Iron Age migrations in Europe.

(…)the fact that Palaeo-Germanic loanwords are much more numerous in Finnic than in Saamic must lead to the same conclusion. As I noted above, the most likely Palaeo-Germanic speaking carriers of the Nordic Bronze culture (ca. 1700–500 BC) spread from Scandinavia to the Finnish and Estonian coastal areas. As they never spread any further to the east than as far as the bottom of the Finnish Gulf, the idea that the Finnic homeland included neither Finland nor Estonia completely fails to explain the very existence of Palaeo-Germanic loanwords, whose quantity and quality in Finnic presuppose a superstrate rather than an adstrate.

(…) as the Nordic Bronze culture influenced coastal Finland much more strongly than it did coastal Estonia, the idea that the Finnic homeland did not include Finland but Estonia alone similarly fails to explain the very strength of the Bronze-Age Palaeo-Germanic superstrate in Finnic, which can indeed be compared with the Medieval French superstrate in English, for instance (Kallio 2000: 96–97). From a Germanicist point of view, therefore, Itkonen’s theory concerning the Finnic homeland does not only seem to be the best but also the only alternative (Koivulehto 1984: 198–200).

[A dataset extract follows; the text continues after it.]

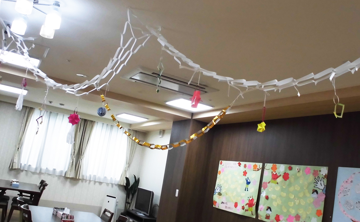 食堂には、職員がきらびやかに飾りを吊ってくれました。

As the same can now also be said about the Indo-Europeanization of the Baltic speech area, the fact that Baltic and Finnic are the most conservative branches of their language families and that they have relatively few substrate words may really be due to exactly the same reason, namely that before their arrival the East-Baltic region was still very sparsely populated by Subneolithic hunter-fisher-gatherers, whose linguistic influence on the newcomers was therefore rather limited. On the other hand, as these language shifts already took place millennia ago, there has been a lot of time for the Baltic and Finnic speakers to replace most of their old substrate words by all kinds of new lexical innovations.

Speaking of loanword evidence, the Aikios and especially Saarikivi (2004b) have furthermore argued that the Indo-Iranian loanwords occurring in Finnic and/or Saamic alone force us to locate the Finnic and Saamic homelands further to the east (e.g. near the White Lake). Still, I fail to see why the Indo-Iranian loanwords counted in dozens should be more relevant in locating these two homelands than the Germanic loanwords counted in hundreds. Besides, the Indo-Iranian loanwords mainly consist of cultural borrowings which do not necessarily presuppose a superstrate but only an adstrate. Moreover, they must be dated so much earlier than Vedic Sanskrit (ca. 1500–1000 BC) and Gathic Avestan (ca. 1000–800 BC) anyway that their spread can very well be connected with the abovementioned Netted Ware wave about 1900 BC.

An interesting read, where the author expressly refers to the many political (nationalist) and xenophobic overtones (including his own) that arise in ethnolinguistic identifications of prehistoric cultures.

We are seeing how the newest dialectalisation trends want it ‘late and small’, and ‘late’ corresponds smoothly with the most recent genomic findings involving Chalcolithic and Bronze Age expansions.

In the Uralic case, in North-Eastern Europe only Corded Ware migrants are known to have expanded within a suitable time frame into the region, and their patrilineal descendants show a widespread distribution in the region during the Bronze Age.

Also, if Proto-Finnic is coeval with Pre-Proto-Germanic, and expanded from the western part of North-East Europe (necessarily including the Gulf of Finland), well… You know the drill.

Of course, regarding Proto-Indo-European and Uralic, there are also a lot of people who still want itlarge and early‘ – and the most recent research won’t deter them from such proposals.